• TASK DETAILS
Everything in the listing below should be written out again exactly, except the pictures.

··· INPUT DATA

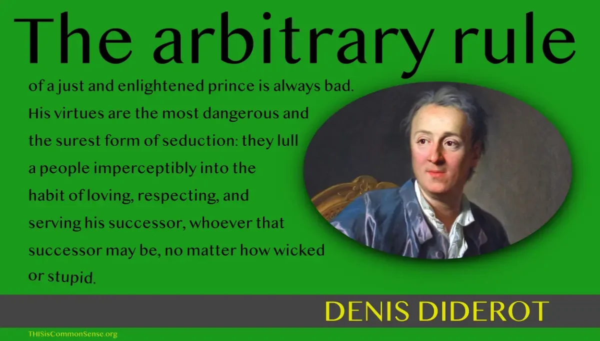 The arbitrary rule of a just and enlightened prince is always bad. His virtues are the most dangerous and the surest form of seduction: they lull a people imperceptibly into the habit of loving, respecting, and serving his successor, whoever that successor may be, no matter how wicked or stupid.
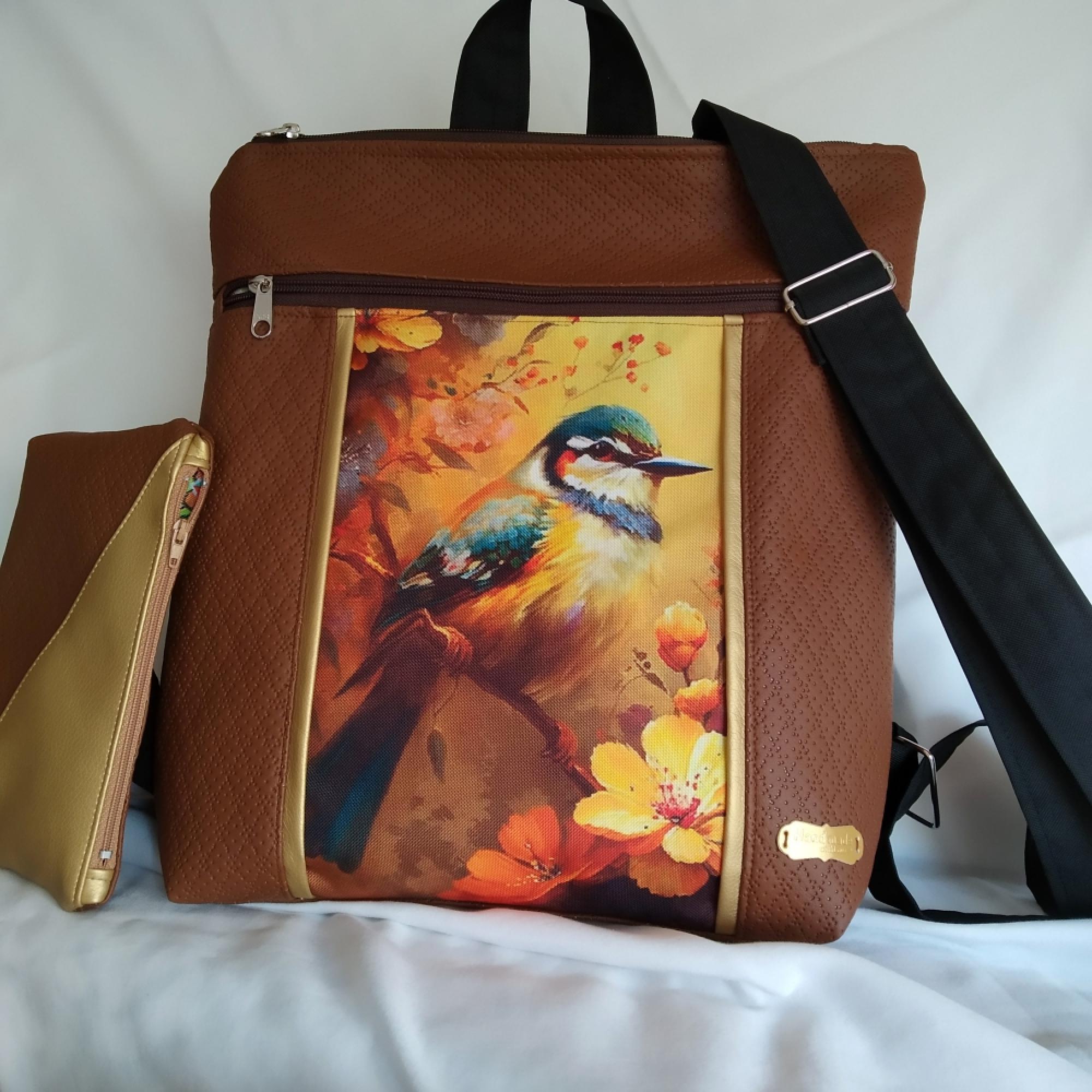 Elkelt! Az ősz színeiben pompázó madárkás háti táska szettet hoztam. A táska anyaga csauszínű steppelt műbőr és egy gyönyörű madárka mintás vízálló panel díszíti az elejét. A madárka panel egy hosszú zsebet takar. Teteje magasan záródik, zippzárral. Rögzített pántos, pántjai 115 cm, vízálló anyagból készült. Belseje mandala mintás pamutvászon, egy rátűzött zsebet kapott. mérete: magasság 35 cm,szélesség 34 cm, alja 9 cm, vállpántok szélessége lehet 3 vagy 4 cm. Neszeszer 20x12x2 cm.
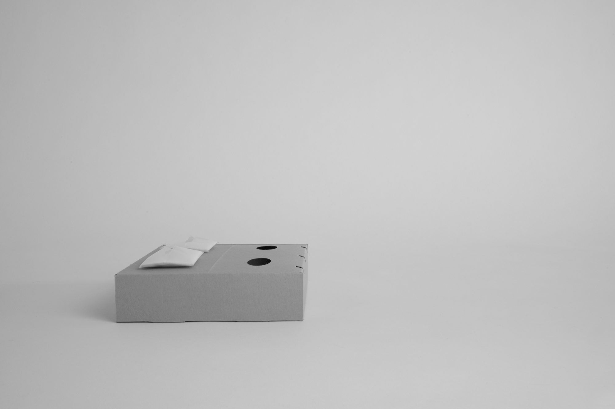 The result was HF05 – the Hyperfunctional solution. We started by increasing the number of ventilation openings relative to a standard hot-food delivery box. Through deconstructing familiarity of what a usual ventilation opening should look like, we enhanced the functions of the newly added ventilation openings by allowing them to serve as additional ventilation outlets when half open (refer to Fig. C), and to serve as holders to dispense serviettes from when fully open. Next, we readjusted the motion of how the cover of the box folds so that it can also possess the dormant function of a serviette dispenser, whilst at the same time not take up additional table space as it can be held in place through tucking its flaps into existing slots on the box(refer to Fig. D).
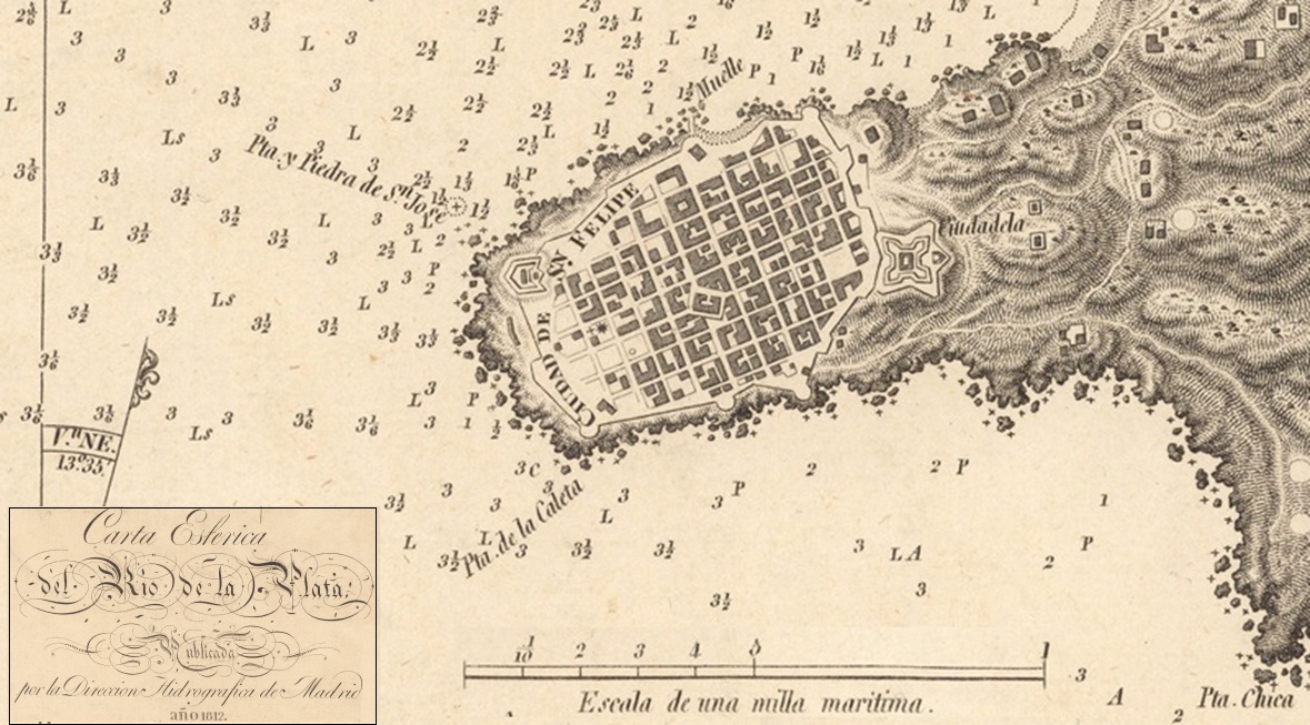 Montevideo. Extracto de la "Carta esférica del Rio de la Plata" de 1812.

······

• COMPLETED EXERCISE
 The arbitrary rule of a just and enlightened prince is always bad. His virtues are the most dangerous and the surest form of seduction: they lull a people imperceptibly into the habit of loving, respecting, and serving his successor, whoever that successor may be, no matter how wicked or stupid.
 Elkelt! Az ősz színeiben pompázó madárkás háti táska szettet hoztam. A táska anyaga csauszínű steppelt műbőr és egy gyönyörű madárka mintás vízálló panel díszíti az elejét. A madárka panel egy hosszú zsebet takar. Teteje magasan záródik, zippzárral. Rögzített pántos, pántjai 115 cm, vízálló anyagból készült. Belseje mandala mintás pamutvászon, egy rátűzött zsebet kapott. mérete: magasság 35 cm,szélesség 34 cm, alja 9 cm, vállpántok szélessége lehet 3 vagy 4 cm. Neszeszer 20x12x2 cm.
 The result was HF05 – the Hyperfunctional solution. We started by increasing the number of ventilation openings relative to a standard hot-food delivery box. Through deconstructing familiarity of what a usual ventilation opening should look like, we enhanced the functions of the newly added ventilation openings by allowing them to serve as additional ventilation outlets when half open (refer to Fig. C), and to serve as holders to dispense serviettes from when fully open. Next, we readjusted the motion of how the cover of the box folds so that it can also possess the dormant function of a serviette dispenser, whilst at the same time not take up additional table space as it can be held in place through tucking its flaps into existing slots on the box(refer to Fig. D).
 Montevideo. Extracto de la "Carta esférica del Rio de la Plata" de 1812.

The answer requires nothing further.